The city will not to appeal a state land-use board's recent ruling on a Wal-Mart Supercenter proposed for the old Miles Field site in south Medford.

The city will not to appeal a state land-use board's recent ruling on a Wal-Mart Supercenter proposed for the old Miles Field site in south Medford.

"If they're saying that we should have done something, then by all means we should do it," Councilman Jason Anderson said before the decision at a noon meeting Thursday.

The Oregon Land Use Board of Appeals ruled earlier this month that the city erred in barring a citizens group from speaking in a public hearing on Wal-Mart.

Medford had until Sept. 28 to file an appeal with the Oregon Court of Appeals.

Wal-Mart still could appeal the decision, but the council decided the city would not join it.

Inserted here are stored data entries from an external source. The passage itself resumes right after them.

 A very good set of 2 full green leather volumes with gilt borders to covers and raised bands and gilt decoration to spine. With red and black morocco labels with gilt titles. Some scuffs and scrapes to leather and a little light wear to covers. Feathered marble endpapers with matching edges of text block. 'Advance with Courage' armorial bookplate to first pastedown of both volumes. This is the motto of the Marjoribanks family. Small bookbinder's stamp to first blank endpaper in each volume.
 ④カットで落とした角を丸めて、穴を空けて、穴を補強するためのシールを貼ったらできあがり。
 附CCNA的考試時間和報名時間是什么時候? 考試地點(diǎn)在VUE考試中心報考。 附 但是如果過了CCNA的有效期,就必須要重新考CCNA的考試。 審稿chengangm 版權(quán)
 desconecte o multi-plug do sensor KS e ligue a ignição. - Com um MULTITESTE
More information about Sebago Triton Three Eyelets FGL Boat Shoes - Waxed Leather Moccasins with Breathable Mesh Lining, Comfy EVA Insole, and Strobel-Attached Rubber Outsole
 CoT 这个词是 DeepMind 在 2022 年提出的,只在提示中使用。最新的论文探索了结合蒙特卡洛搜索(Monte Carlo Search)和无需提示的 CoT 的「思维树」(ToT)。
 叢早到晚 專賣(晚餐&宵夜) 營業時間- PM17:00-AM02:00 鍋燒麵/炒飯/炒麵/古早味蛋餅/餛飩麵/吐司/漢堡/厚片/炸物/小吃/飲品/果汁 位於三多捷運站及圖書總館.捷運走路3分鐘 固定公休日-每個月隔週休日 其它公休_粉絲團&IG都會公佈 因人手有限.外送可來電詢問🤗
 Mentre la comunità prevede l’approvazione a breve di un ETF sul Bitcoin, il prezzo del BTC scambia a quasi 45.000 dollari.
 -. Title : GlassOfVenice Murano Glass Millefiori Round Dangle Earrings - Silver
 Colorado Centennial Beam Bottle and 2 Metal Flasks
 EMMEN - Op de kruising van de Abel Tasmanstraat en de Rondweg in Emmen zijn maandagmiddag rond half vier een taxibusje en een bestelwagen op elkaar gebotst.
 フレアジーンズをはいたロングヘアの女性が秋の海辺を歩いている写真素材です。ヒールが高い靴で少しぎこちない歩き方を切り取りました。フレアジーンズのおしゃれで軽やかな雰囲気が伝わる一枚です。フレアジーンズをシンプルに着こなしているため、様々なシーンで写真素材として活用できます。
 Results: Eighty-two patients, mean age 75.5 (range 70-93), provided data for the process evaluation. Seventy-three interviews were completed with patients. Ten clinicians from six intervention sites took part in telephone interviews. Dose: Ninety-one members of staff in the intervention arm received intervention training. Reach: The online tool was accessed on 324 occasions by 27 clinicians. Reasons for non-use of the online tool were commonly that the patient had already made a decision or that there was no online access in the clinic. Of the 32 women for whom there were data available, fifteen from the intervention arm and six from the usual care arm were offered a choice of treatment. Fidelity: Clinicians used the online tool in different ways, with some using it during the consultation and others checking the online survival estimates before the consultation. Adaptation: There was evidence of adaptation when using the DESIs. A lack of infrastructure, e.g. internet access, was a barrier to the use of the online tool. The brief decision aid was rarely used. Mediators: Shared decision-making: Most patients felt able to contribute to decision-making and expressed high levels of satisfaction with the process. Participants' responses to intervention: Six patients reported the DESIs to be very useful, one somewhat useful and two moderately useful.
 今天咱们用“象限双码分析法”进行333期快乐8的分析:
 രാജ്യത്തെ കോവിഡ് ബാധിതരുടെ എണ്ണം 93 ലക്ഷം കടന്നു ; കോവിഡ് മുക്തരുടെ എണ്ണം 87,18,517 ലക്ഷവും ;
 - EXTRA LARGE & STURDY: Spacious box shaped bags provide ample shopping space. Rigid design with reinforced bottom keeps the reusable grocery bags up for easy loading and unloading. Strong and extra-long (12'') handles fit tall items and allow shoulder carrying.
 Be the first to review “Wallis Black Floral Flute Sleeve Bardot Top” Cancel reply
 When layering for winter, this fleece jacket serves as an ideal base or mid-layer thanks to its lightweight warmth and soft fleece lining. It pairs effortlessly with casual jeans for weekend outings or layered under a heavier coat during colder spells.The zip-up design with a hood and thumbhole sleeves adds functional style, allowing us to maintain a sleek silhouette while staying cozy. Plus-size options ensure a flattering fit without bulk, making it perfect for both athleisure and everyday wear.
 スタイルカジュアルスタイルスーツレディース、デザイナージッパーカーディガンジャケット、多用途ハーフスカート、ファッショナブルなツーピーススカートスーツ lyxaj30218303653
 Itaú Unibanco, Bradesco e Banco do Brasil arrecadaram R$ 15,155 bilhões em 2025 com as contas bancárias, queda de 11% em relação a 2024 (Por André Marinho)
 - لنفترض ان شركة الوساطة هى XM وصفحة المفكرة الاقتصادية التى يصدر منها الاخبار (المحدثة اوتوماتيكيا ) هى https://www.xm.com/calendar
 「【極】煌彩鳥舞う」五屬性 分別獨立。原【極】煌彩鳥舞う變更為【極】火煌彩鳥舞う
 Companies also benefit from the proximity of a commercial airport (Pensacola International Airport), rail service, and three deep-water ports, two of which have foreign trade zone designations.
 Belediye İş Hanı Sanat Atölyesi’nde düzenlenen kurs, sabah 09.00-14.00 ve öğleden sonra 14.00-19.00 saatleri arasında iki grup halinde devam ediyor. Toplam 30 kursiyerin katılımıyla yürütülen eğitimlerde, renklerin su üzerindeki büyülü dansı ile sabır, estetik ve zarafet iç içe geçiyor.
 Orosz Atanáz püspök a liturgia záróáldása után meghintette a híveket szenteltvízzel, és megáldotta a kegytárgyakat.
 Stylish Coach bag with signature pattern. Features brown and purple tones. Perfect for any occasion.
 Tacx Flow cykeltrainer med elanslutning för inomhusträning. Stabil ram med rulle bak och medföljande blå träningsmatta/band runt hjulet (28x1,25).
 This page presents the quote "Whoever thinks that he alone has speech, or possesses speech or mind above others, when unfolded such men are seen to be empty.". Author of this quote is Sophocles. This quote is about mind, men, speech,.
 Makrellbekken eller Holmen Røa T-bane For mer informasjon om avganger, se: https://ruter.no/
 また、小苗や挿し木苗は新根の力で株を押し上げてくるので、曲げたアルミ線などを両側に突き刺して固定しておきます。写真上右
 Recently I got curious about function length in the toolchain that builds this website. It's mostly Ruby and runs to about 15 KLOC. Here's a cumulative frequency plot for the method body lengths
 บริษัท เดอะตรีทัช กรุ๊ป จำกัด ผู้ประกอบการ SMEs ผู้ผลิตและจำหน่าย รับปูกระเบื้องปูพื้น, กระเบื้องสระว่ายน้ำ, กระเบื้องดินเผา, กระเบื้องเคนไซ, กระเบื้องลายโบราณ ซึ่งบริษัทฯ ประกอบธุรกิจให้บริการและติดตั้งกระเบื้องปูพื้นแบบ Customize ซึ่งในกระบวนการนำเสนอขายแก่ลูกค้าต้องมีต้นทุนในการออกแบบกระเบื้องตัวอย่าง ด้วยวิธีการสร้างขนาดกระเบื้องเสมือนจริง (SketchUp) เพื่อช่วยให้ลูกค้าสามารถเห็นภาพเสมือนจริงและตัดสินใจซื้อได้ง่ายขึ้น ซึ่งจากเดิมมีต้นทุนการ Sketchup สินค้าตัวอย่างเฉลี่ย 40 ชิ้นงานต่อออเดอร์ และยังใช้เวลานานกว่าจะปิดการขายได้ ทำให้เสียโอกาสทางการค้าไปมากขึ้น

Attempts to reach Wal-Mart attorneys Thursday were unsuccessful.

LUBA ruled that the city was incorrect in denying Medford Citizens for Responsible Development the right to participate in proceedings about the store in November 2005. The city attorney denied the group the right to speak during one of the hearings, saying it had lost "standing" when it failed to file a brief in a 2004 LUBA appeal.

The group, led by Talent Councilwoman Wendy Siporen, has argued the developers of the 207,000-square-foot Wal-Mart Supercenter project should be required to conduct a comprehensive traffic study for the site. Such a study would show the additional traffic the store would generate and make Wal-Mart financially responsible for street improvements needed to handle it.

Wal-Mart representatives have argued that the city cannot legally require them to do a comprehensive study. A traffic study for the property was completed in 1991 at the time of a zoning change. The City Council approved the Wal-Mart project after numerous hearings.

Following Thursday's meeting, Siporen said she is pleased that her group will be able to address concerns about traffic.

"It is a new council," she said. "And a minority of the previous council wanted to address the traffic."

She said not only does the council have the authority to require a comprehensive traffic study, but city ordinances require it.